Exercise. Every line of the listing below is to be repeated exactly; the pictures stay out.

Source material.
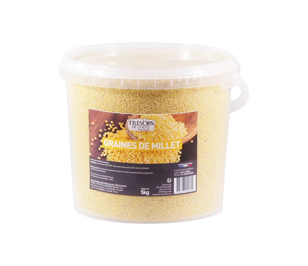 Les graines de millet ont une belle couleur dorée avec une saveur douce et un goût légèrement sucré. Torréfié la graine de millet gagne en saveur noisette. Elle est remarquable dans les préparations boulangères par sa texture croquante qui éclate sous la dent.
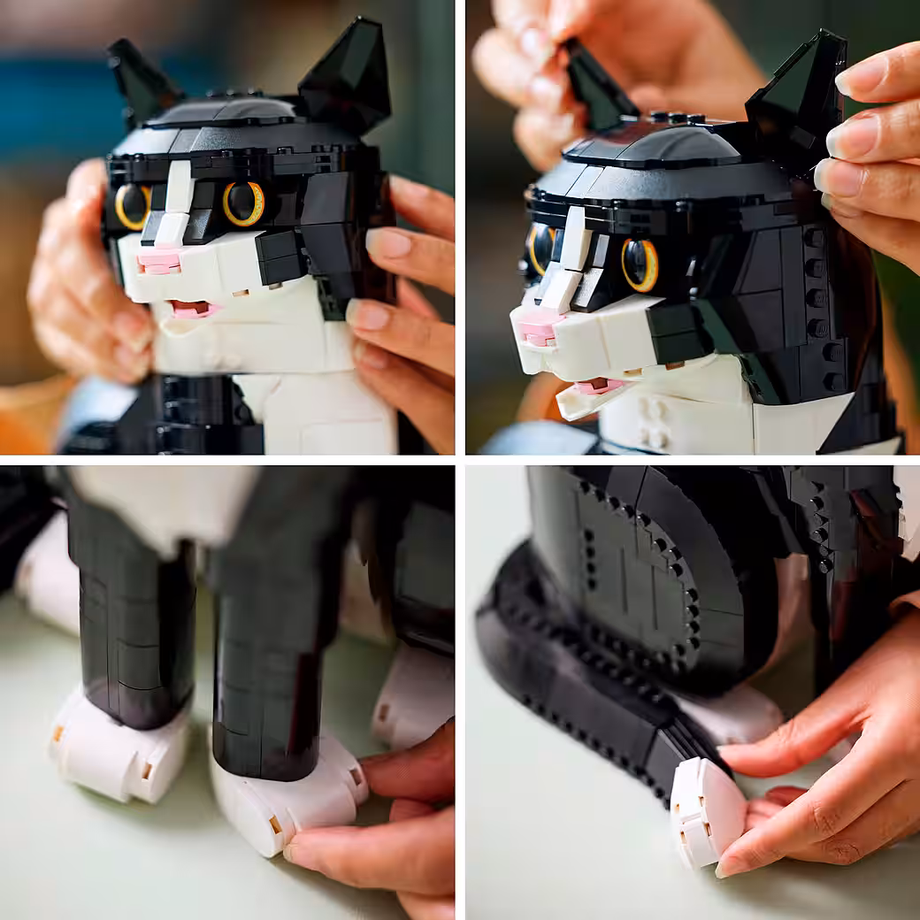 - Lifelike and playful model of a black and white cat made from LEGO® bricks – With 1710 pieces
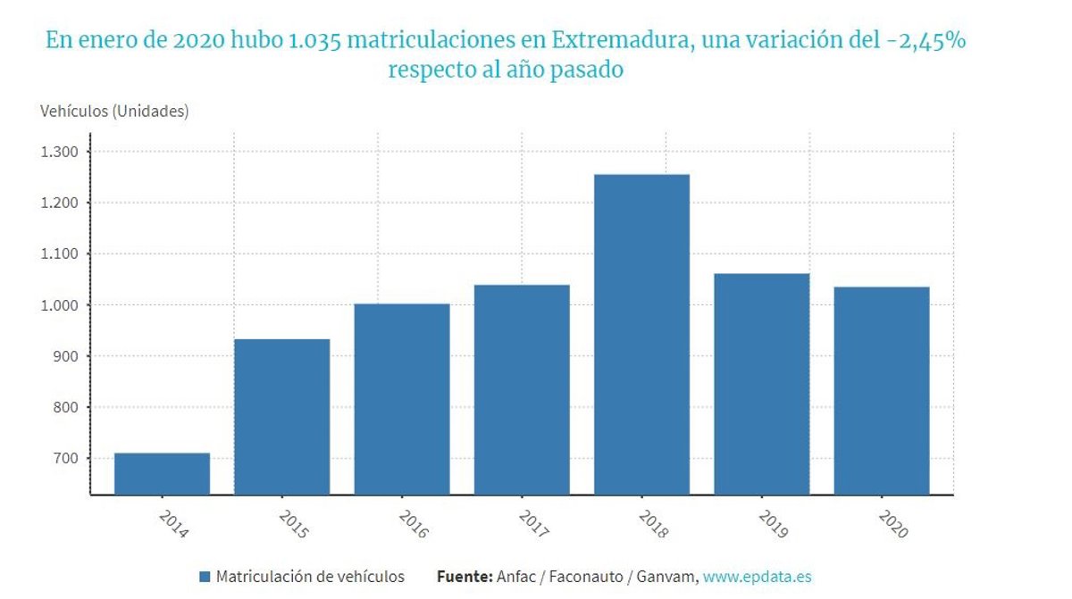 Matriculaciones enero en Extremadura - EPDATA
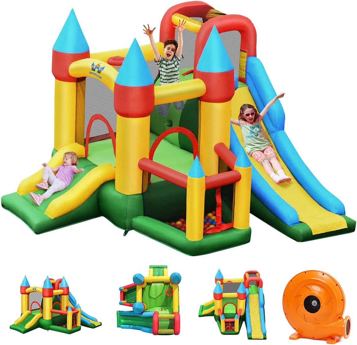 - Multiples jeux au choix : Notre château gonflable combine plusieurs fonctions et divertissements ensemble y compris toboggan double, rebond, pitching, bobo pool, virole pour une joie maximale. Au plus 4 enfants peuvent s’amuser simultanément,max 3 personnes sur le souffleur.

Result.
 Les graines de millet ont une belle couleur dorée avec une saveur douce et un goût légèrement sucré. Torréfié la graine de millet gagne en saveur noisette. Elle est remarquable dans les préparations boulangères par sa texture croquante qui éclate sous la dent.
 - Lifelike and playful model of a black and white cat made from LEGO® bricks – With 1710 pieces
 Matriculaciones enero en Extremadura - EPDATA
 - Multiples jeux au choix : Notre château gonflable combine plusieurs fonctions et divertissements ensemble y compris toboggan double, rebond, pitching, bobo pool, virole pour une joie maximale. Au plus 4 enfants peuvent s’amuser simultanément,max 3 personnes sur le souffleur.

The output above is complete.